Fix generator exhaustion in SparseAdam #47724

mariosasko · 2020-11-11T02:17:08Z

Fixes #47594

dr-ci · 2020-11-11T02:59:01Z

💊 CI failures summary and remediations

As of commit 2a6b375 (more details on the Dr. CI page):

💚 💚 Looks good so far! There are no failures yet. 💚 💚

This comment was automatically generated by Dr. CI (expand for details).

Follow this link to opt-out of these comments for your Pull Requests.

Please report bugs/suggestions on the GitHub issue tracker or post in the (internal) Dr. CI Users group.

See how this bot performed.

This comment has been revised 7 times.

mariosasko · 2020-11-12T21:34:40Z

@heitorschueroff Can you please check this PR and merge it if everything is fine?

EDIT:
@albanD Could you please take a look or cc someone else before this PR becomes stale.

heitorschueroff · 2020-12-02T18:16:15Z

torch/optim/sparse_adam.py

@@ -32,8 +33,12 @@ def __init__(self, params, lr=1e-3, betas=(0.9, 0.999), eps=1e-8):
        if not 0.0 <= betas[1] < 1.0:
            raise ValueError("Invalid beta parameter at index 1: {}".format(betas[1]))

+        # if params are in the form of a generator, the next for-loop exhausts it,
+        # so the copy is passed to the loop
+        params, params_copy = itertools.tee(params)


Is there an advantage to doing this copy as opposed to changing params to a list?
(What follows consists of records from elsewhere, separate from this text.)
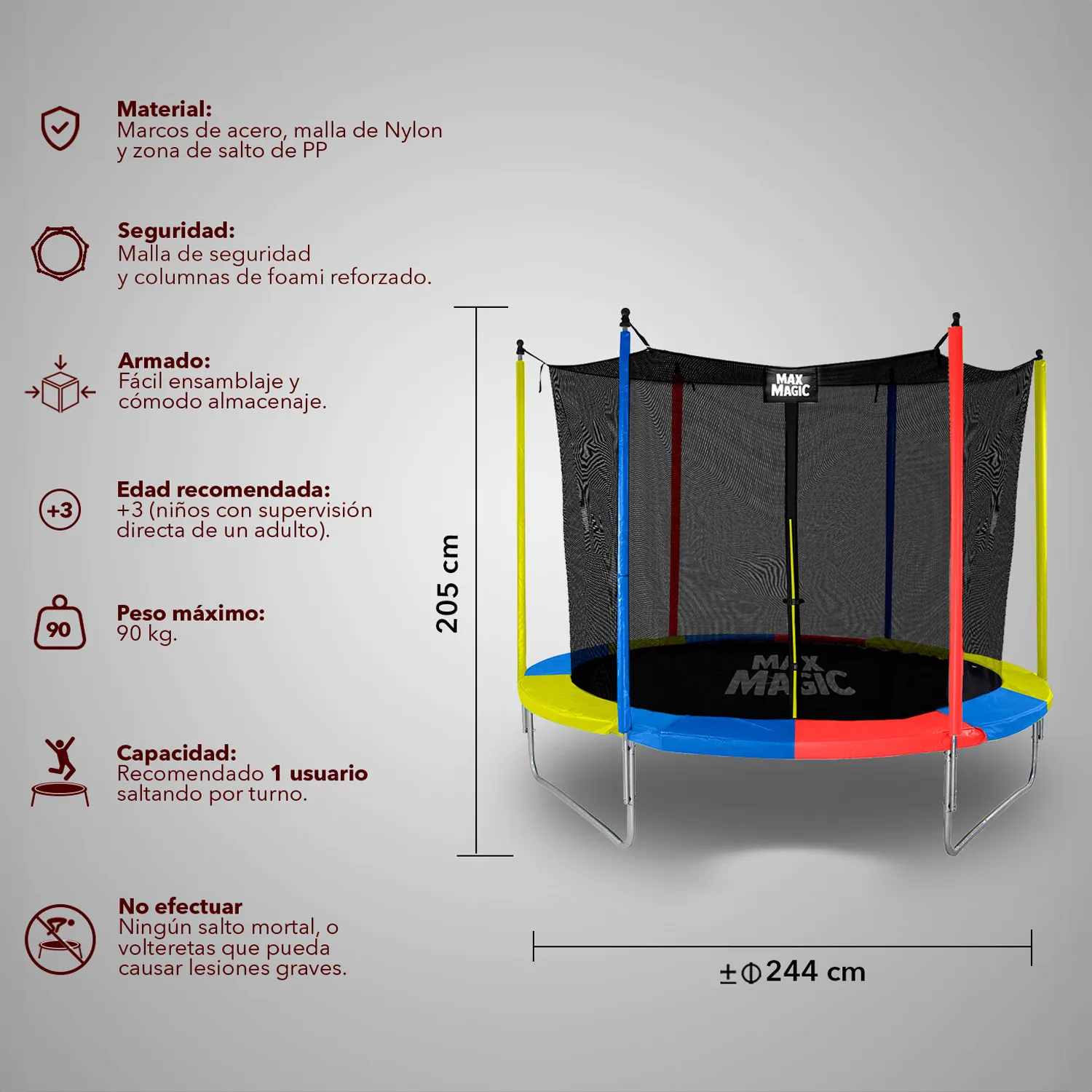 ¡Descubre la máxima entretención para toda la familia y amigos con nuestras increíbles Camas Elásticas! Diseñadas con materiales reforzados de alta calidad, ofrecen seguridad y durabilidad sin igual. ¡Diviértete al máximo sin preocupaciones! Su ensamblaje fácil y rápido te permitirá disfrutar de momentos inolvidables en un abrir y cerrar de ojos.
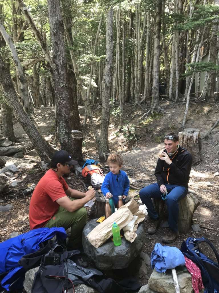 20 min plus tard, on a enfin traversé le lac et à l’approche du débarcadère, la mer se calme. Il est presque midi, on change Noah au refuge parce qu’il est quand même bien mouillé et on se met en route.
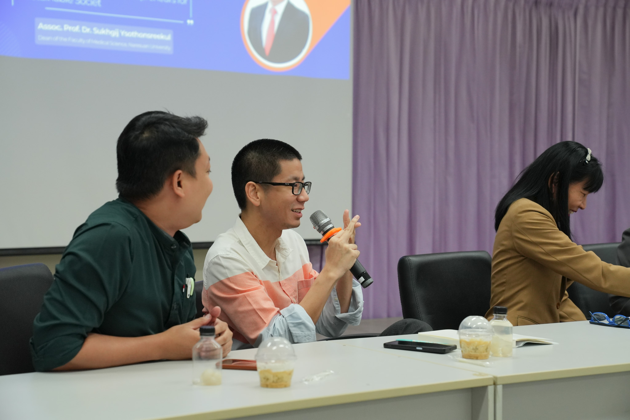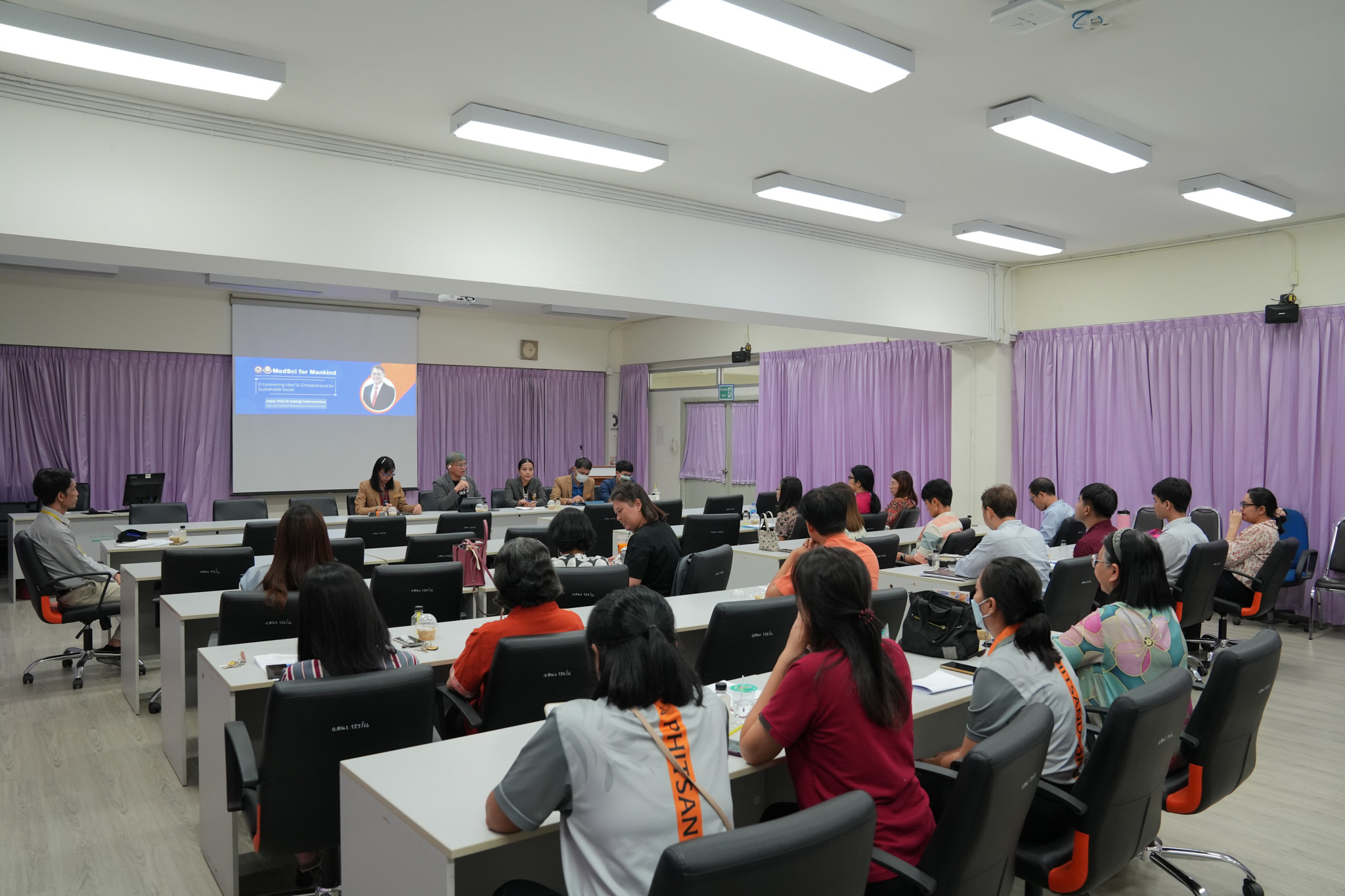 วันพฤหัสบดีที่ 23 พฤษภาคม 2567 ณ ห้อง MD417 ทีมผู้บริหารคณะวิทยาศาสตร์การแพทย์ นำโดย รองศาสตราจารย์ ดร.สุขกิจ ยะโสธรศรีกุล คณบดีคณะวิทยาศาสตร์การแพทย์ ร่วมด้วยรองคณบดี และผู้ช่วยคณบดี ได้พบปะบุคลากรภาควิชาชีวเคมี เพื่อพูดคุย แลกเปลี่ยน และรับฟังความคิดเห็นต่าง ๆ เพื่อนำข้อมูลมาปรับใช้ในการบริหารงานของคณะให้มีประสิทธิภาพและประสิทธิผลให้มากยิ่งขึ้นต่อไป
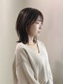 鎖骨上ぐらいの長さで切ったやや前下がりのボブオーバーにレイヤーを入れています。
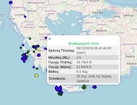 Ειδικότερα ο σεισμός σημειώθηκε νοτιοδυτικά των Σφακίων και σύμφωνα με τις πρώτες πληροφορίες έγινε αισθητός σε Χανιά, Ρέθυμνο, Ηράκλειο και Λασίθι.
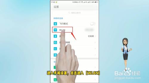 打开手机,点击设置,然后点击无线和网络,之后点击WLAN
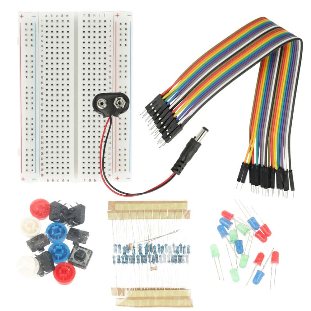 Zestaw startowy komponentów elektronicznych DIY do Arduino to praktyczny komplet do nauki elektroniki i budowy prostych oraz średnio zaawansowanych projektów. Zawiera rezystory, diody LED, fotorezystory, przełączniki, przewody połączeniowe, płytkę prototypową 400 punktów oraz kabel zasilający DC 9 V z wtyczką kątową 90°, kompatybilny z Arduino.
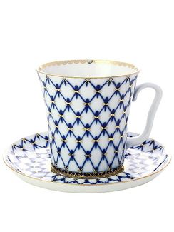 Закажите Фарфоровый бокал с блюдцем форма "Ленинградский", рисунок "Кобальтовая сетка", Императорский фарфоровый завод у компании Тульские самовары в Санкт-Петербурге на портале Alloy:
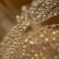 "Druppels gevangen in het web van een morgenster (Tragopogon)" is een extreme macrofoto van waterdruppeltjes die hangen aan een van de pluisjes van een morgenster (Tragopogon). Om een mooi abstract beeld te krijgen, heb ik de instellingen zo gekozen dat slechts een paar druppels haar scherp zijn en daarachter (en daarvoor) de scherpte overgaat in onscherpte (vager worden). Dit geeft een beeld waar realiteit lijkt over te gaan in een soort droom - (een abstracte) fantasiewereld.
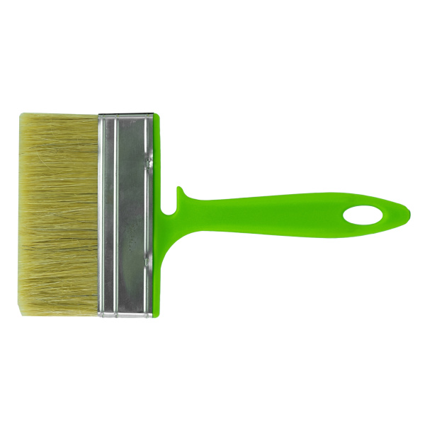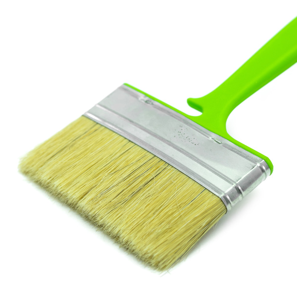 Высококачественная натуральная щетина. Специальный крепеж на банку краски.Клинья и клеевой рецепт фиксирует щетину.
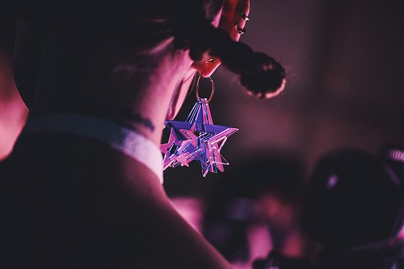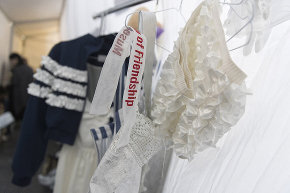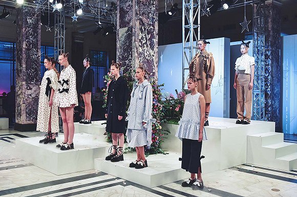 或许作为90后,雷留树和蒋雨彤更能理解少女的心思,当然也少不了这些少女们小时候看过且强烈热爱着的动画片《花仙子》。在动画片中象征着魔法力量的花朵和五角星也成为了这一系列里主要的元素。我们可以看见当初的少女似乎长大了一些,抛弃了鲜红的张扬色系,在2017ss的系列里,淡蓝紫色和淡粉被普遍运用,搭配SHU SHU/TONG招牌蝴蝶结和褶皱,拼接的不同色系的面料、不对称的裙摆、惹眼的灯笼袖子、厚底的绑带芭蕾舞鞋……模特们还佩戴着90年代风格的五芒星耳饰。用细节来描摹这些少女的遐想,或许正是SHU SHU/TONG在这一季里想要走心表达的东西。Presentation的最后,设计师和他们的朋友一同上前,将手中的花仙子卡通贴纸贴在了身穿白裙的模特裙摆上。
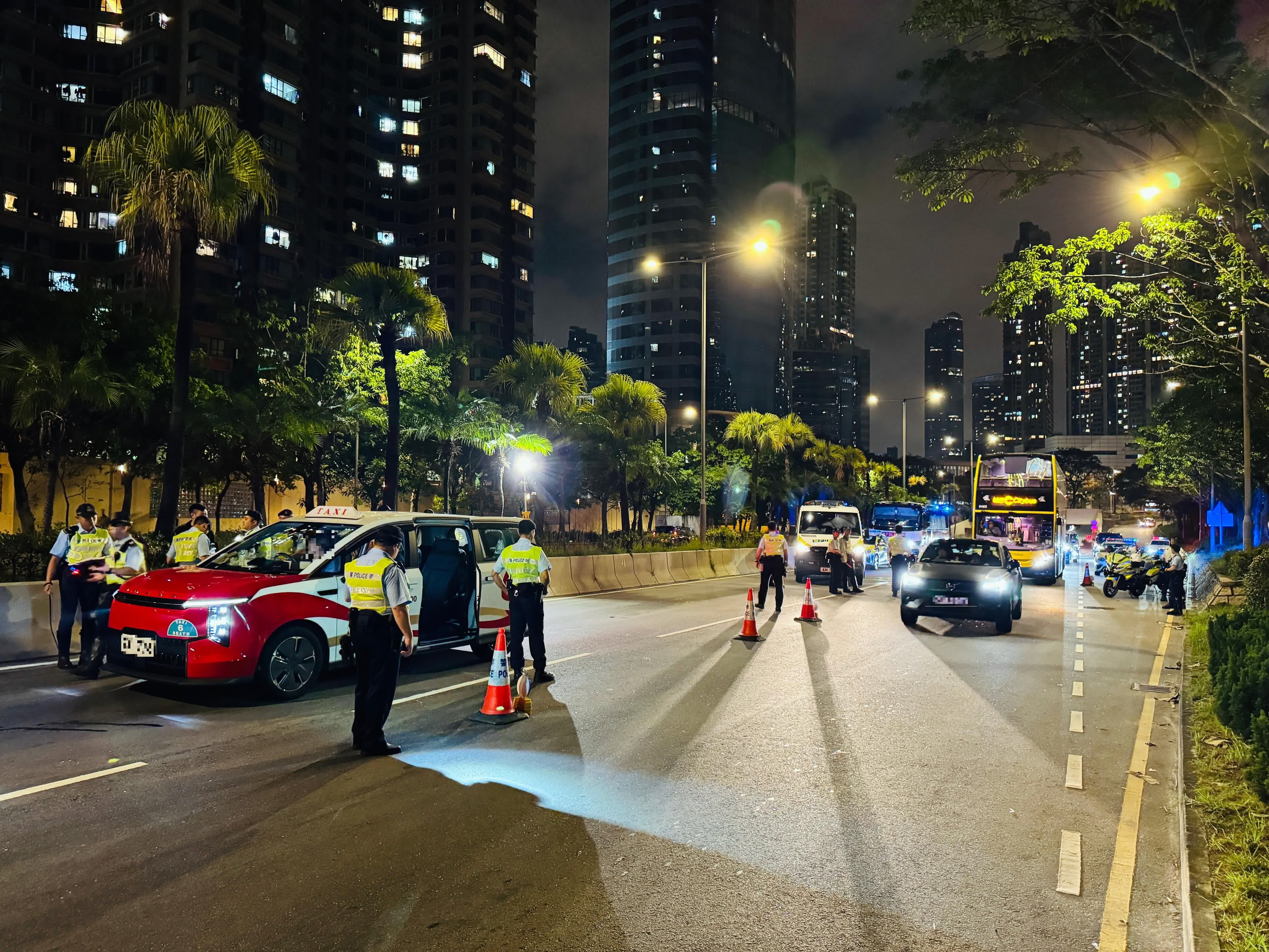 西九龍總區交通部署理總督察鄭皓銘表示,警方另在區內多處設置的大型路障截查車輛,拘捕7男2女(16至40歲),其中一名被捕男子涉嫌「盜竊」罪和違反法庭擔保條件而被通緝。至於年紀最細的16歲少女,涉嫌藏有懷疑含依托咪酯成份的電子煙。警方強調非常關注青少年濫藥情況,會加強執及打擊有關罪行。
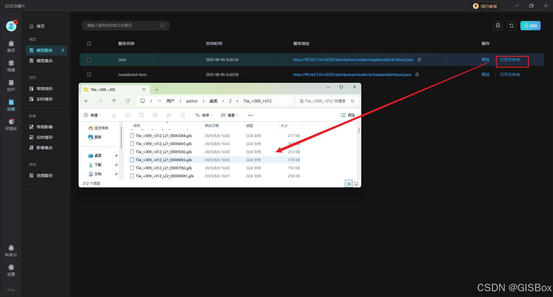 8、切片任务完成后,回到切片栏,点击“文件夹”按钮,就可以查看转换后的3DTiles文件。
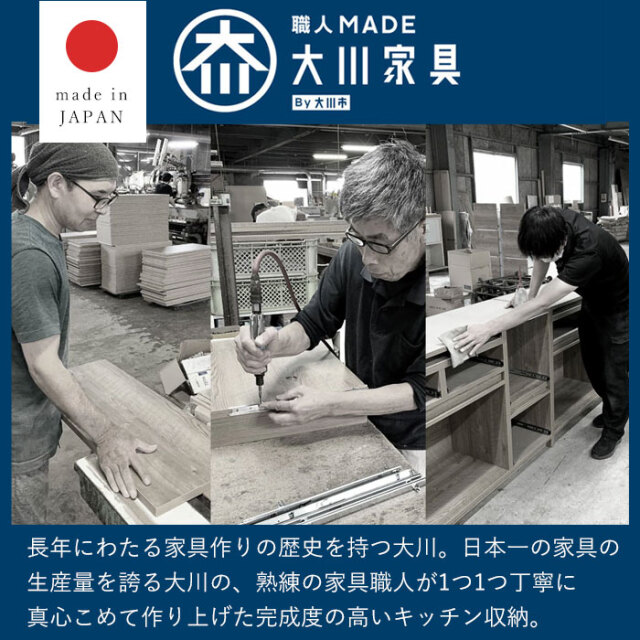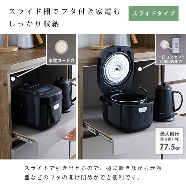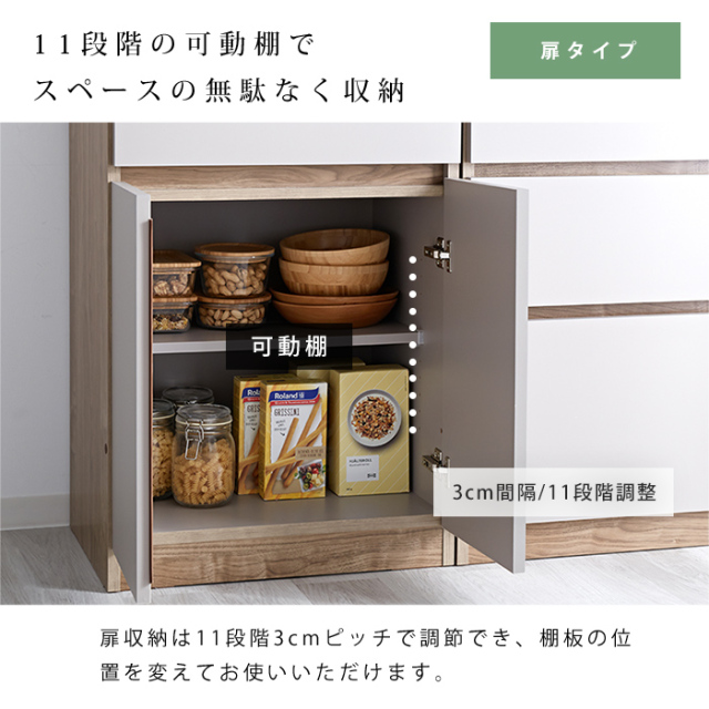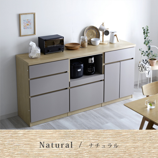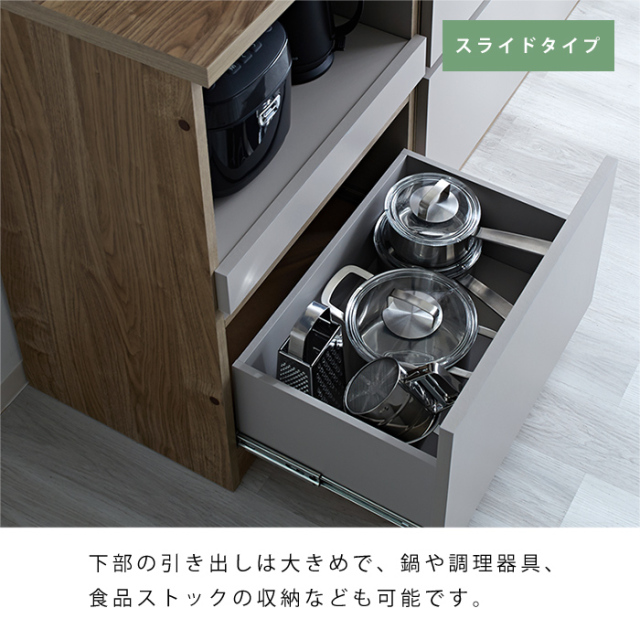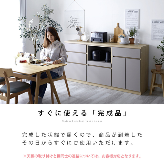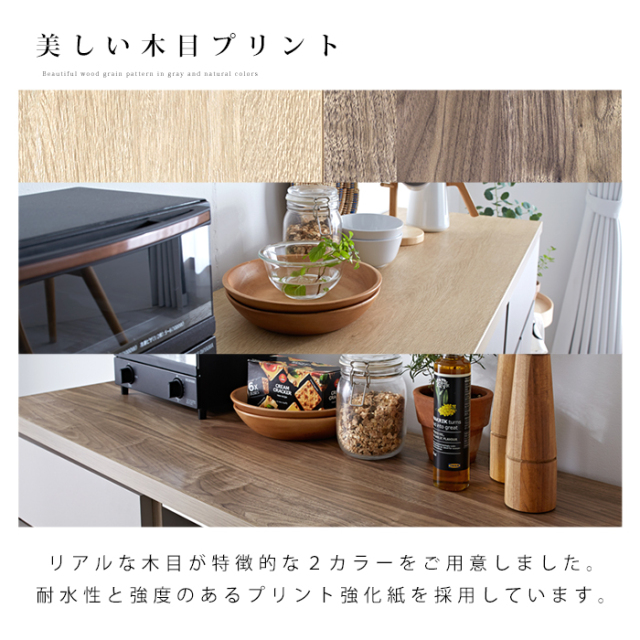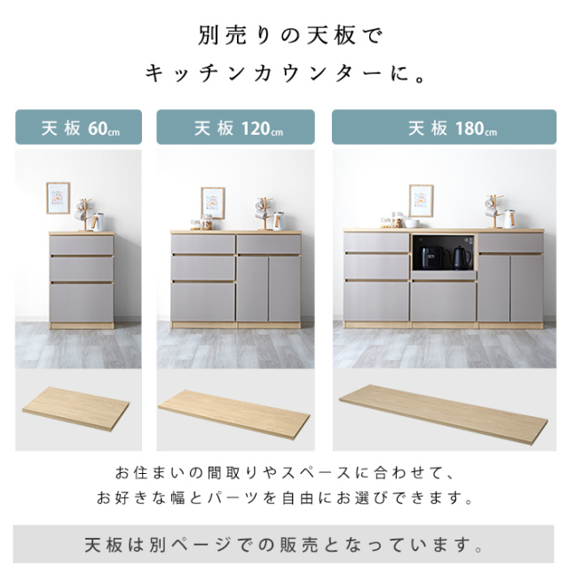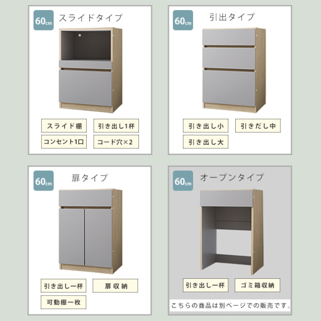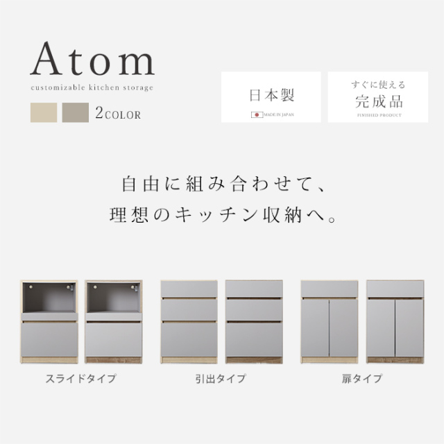 | 自由に組み合わせて、理想のキッチン収納へ。 【ユニット キッチン収納60cm アトム】 明るめグレーの落ち着いた前板カラーに木目模様で温かさをプラス。 洗練されたデザインの中にぬくもりを感じる北欧風のモダンなキッチン収納。 熟練の家具職人が仕上げた日本製で永く日常に寄り添ってくれる商品です。 リアルな木目が特徴的な2カラーをご用意。 耐水性と強度のあるプリント強化紙を採用しています。 〇スライドタイプ 炊飯器などを置けるスライドと下部に大きめの引き出し一杯 コンセントとコード穴付き 〇引出タイプ 大・中・小の引き出し3杯 〇扉タイプ 扉を開けると可動棚付きの収納スペース 上部に引き出し一杯 〇オープンタイプ ゴミ箱を中に納められる 上部に引き出し一杯 ※オープンタイプは別ぺージでの販売となってます。 上記4商品から、あなたの理想の収納空間をお作りいただけますよ。 同シリーズの天板を設置すればキッチンカウンターとしてご使用もでき、収納の幅も広がります。 おしゃれでスタイリッシュな見た目だけでなく、キッチンのありとあらゆるものを収納できるうれしい商品です。 完成品なので、届いてすぐにお使いいただけますよ。 | |

Like params = list(params)

I think we usually simply do list(params) yes.

There is no difference in behavior, but using list instead of itertools.tee seems more readable and easier to understand IMO.

codecov · 2020-12-03T04:21:28Z

Codecov Report

Merging #47724 (2a6b375) into master (de46369) will increase coverage by 6.48%.
The diff coverage is 100.00%.

@@            Coverage Diff             @@
##           master   #47724      +/-   ##
==========================================
+ Coverage   74.34%   80.83%   +6.48%     
==========================================
  Files        1856     1860       +4     
  Lines      200606   200737     +131     
==========================================
+ Hits       149143   162258   +13115     
+ Misses      51463    38479   -12984

albanD

Thanks for the update!

albanD · 2020-12-02T18:39:01Z

torch/optim/sparse_adam.py

@@ -32,8 +33,12 @@ def __init__(self, params, lr=1e-3, betas=(0.9, 0.999), eps=1e-8):
        if not 0.0 <= betas[1] < 1.0:
            raise ValueError("Invalid beta parameter at index 1: {}".format(betas[1]))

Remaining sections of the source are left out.